Nope, can't say that I have. I read about it a lot in my romantic fiction.😞


----------



## happy as a clam (Jan 5, 2014)

Yes!

My hunky partner is THAT person. I thought I knew what great sex was until we got together. To say it was mind-blowing is an understatement. And not just the physical part (although it surely is yummy) but the emotional connection too.

And it just gets better and better with the passage of time.

We both feel like we won the Sex Lotto .
_Posted via Mobile Device_


----------



## Woodchuck (Nov 1, 2012)

SunnyT said:


> Yep! My H. It's ridiculously amazing.....every night. He sometimes asks if I've had enough.... LOL, "Yes! Wait, no....there is no such thing as ENOUGH!"
> 
> We both had previous long marriages where the sex was alright, but we both agree that we WISHED all that time for sex like THIS.


My wife and I were like that....We married when I was 19 and she was 21....

She had never had an orgasm with a partner.....

How is that even possible? Her orgasms came so effortlessly, like breathing....

Her skin was made to glide under my fingertips.....

SunnyT...Do you have any explanation of what was different between you and your husband that was missing with others?


----------



## Woodchuck (Nov 1, 2012)

happy as a clam said:


> Yes!
> 
> My hunky partner is THAT person. I thought I knew what great sex was until we got together. To say it was mind-blowing is an understatement. And not just the physical part (although it surely is yummy) but the emotional connection too.
> 
> ...


Do you have any idea WHAT makes him the one? Or is it some binary thing....Part you, and part him that is unique.....Like mixing nitro and glycerin...


----------



## Thundarr (Jul 4, 2012)

Woodchuck said:


> Ok, we have all had sex....BUT....Have you ever had sex with someone that just BETTR?...I don't mean that person gives good bj's, or she is a good kisser....
> 
> Have you ever had sex with someone who makes you realize you would never need to have sex with any one else....but no matter how many times you had sex with that person it would never be enough.....

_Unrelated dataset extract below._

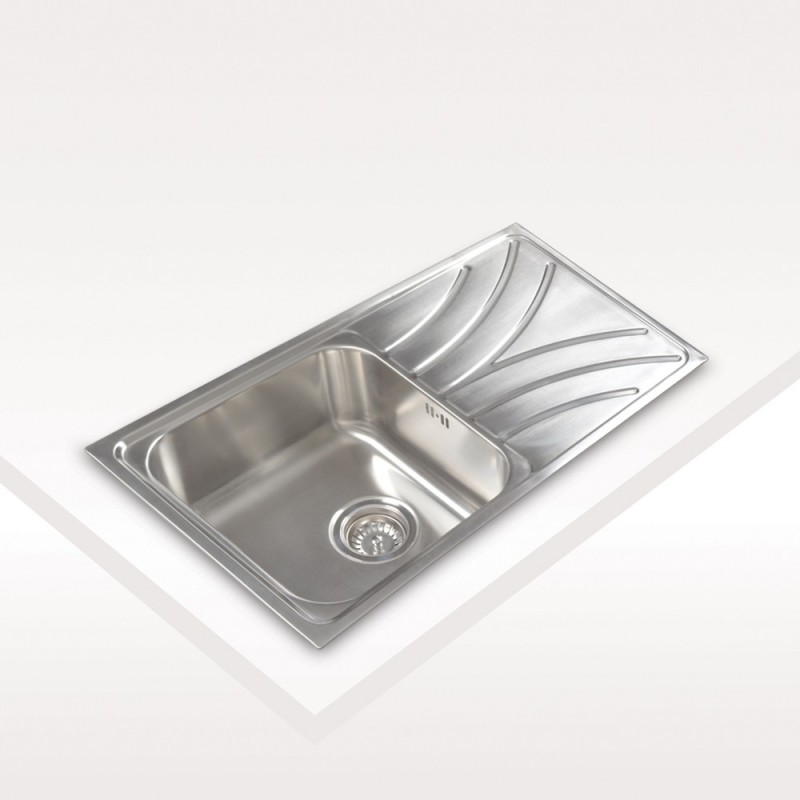 Fregadero Sobre Encimera de acero inoxidable para mueble de 45 cm de una cubeta y escurridor, izquieda. Desagüe con válvula con canasta 3½"" y sifón.

The thing is, most of us are that person to someone.


----------



## SunnyT (Jun 22, 2011)

*SunnyT...Do you have any explanation of what was different between you and your husband that was missing with others?*

Yes. Being older and wiser, I do know what is different about my H. We have mutual trust, respect, appreciation, kindness, etc.... all those things that marriages SHOULD have. More than that tho, we have humor, and honesty, and flirting.... We have date night every Friday, and since H is somewhat OCD, we NEVER miss date nite. We make US a priority (something we both sorely missed in our previous marriages). 

We flirt, sweetly in front of the kids....raunchy when the kids aren't around. We sext. We flirt with IM when kids (and/or grandkids) are in the room. We flash each other. We tease when other people are around. We compliment each other in bed and out. We start before we get out of bed in the morning ....with smiles and I love you's ....we PLAN to make each other happy and we each make ourselves happy. We seem to stay happy. 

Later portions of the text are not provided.